At the design and manufacture stage accurate, constructible models allow architects, engineers and fabricators to create vastly improved details, carry out constructability reviews, clash detect reinforcement with itself and inserts or embeds as well as allowing for new methods of creating complex formwork for casting items using 3D printing techniques.

Man wearing Trimble hololens headset to view a quarry

It is at this point that the information about the product comes into its own in the digital age. This data about a product is where the industry is driving to create the digital twin – whether at the product level or right up to Cambridge Centre for Digital Built Britain Gemini Principles for establishing a National Digital Twin and using data for the public good. This is where it isn’t necessarily the product itself that is more innovative but the data linked to the product is accessible to deliver considerable added value across the lifecycle of the asset. However data for the public good does not mean data for all – cyber security must remain a key priority for all built assets.
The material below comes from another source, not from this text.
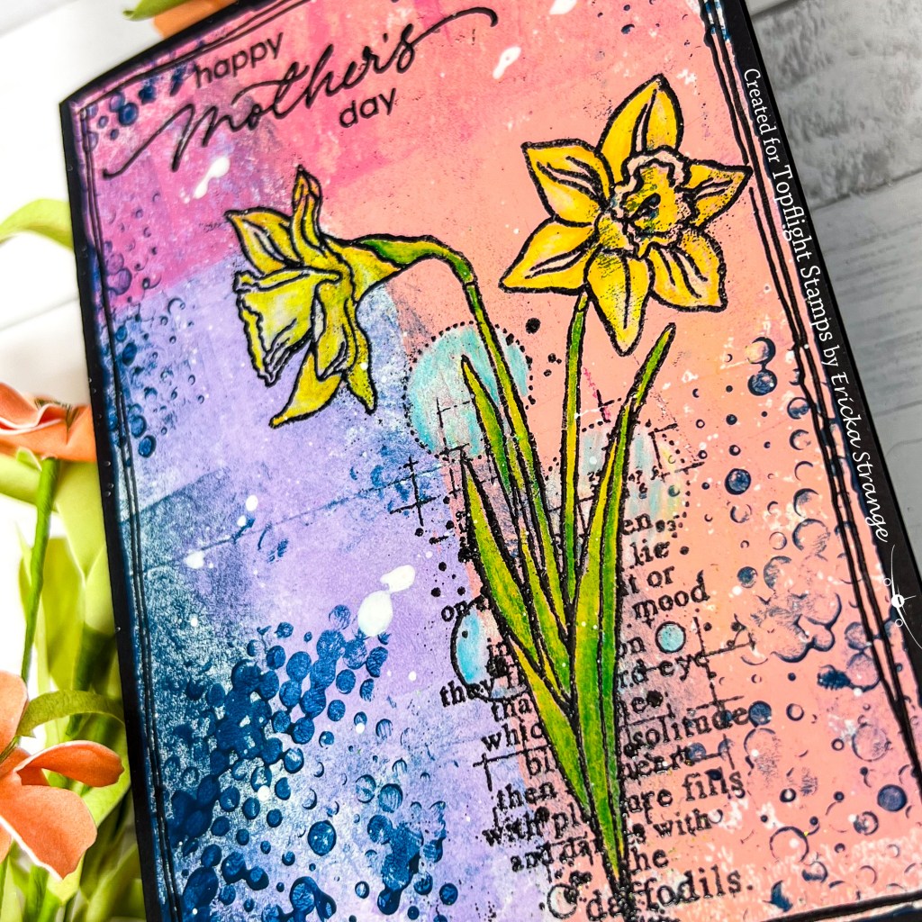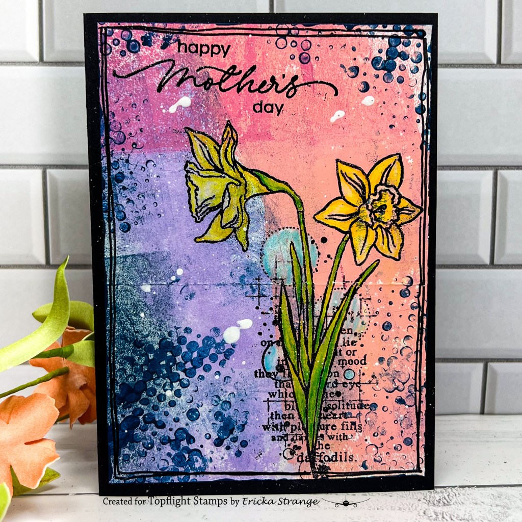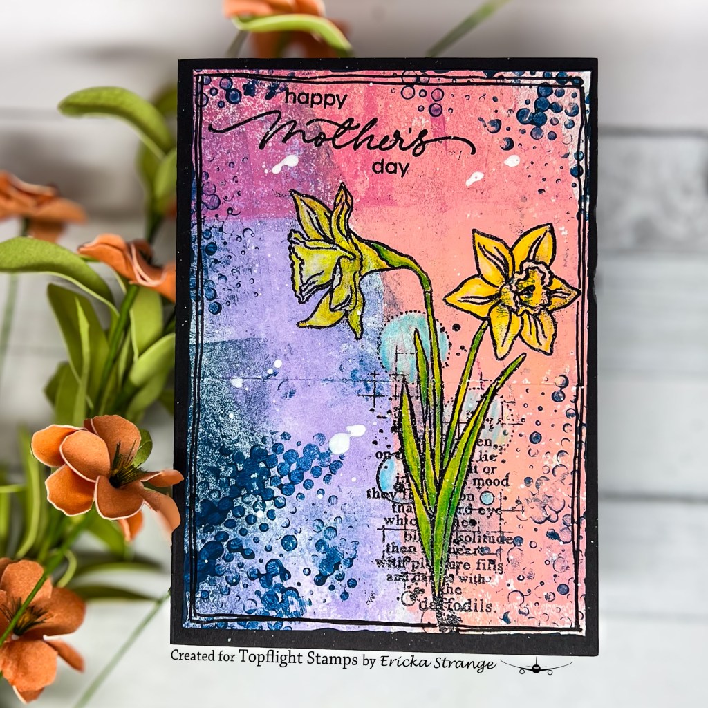Hello friends! Today I have a Mother’s Day card using the Visible Image Golden Daffodils set along with the Grunge Tone stamp.

Further innovation is being brought to the sector by improvements to sensing technology. Cheaper sensing technology can now be fitted to new and existing structures to allow real-time analysis of their behaviour. For asset operators with large portfolios of complex concrete structures these changes allow the potential for huge amounts of data to be collated and then processed into useful real-time analysis. These outputs can allow for more efficient maintenance regimes based upon real documented requirements and help operators to determine trends in the performance of their concrete assets. Targeted predictive maintenance becomes business as usual for operators to deliver more with less.

Finally the digital record allows for accurate replacement of parts when they do reach end of life – ensuring less impact on users of the assets during these maintenance works. Very soon it will be that the digital record of concrete assets is as important, if not more so, than the asset itself.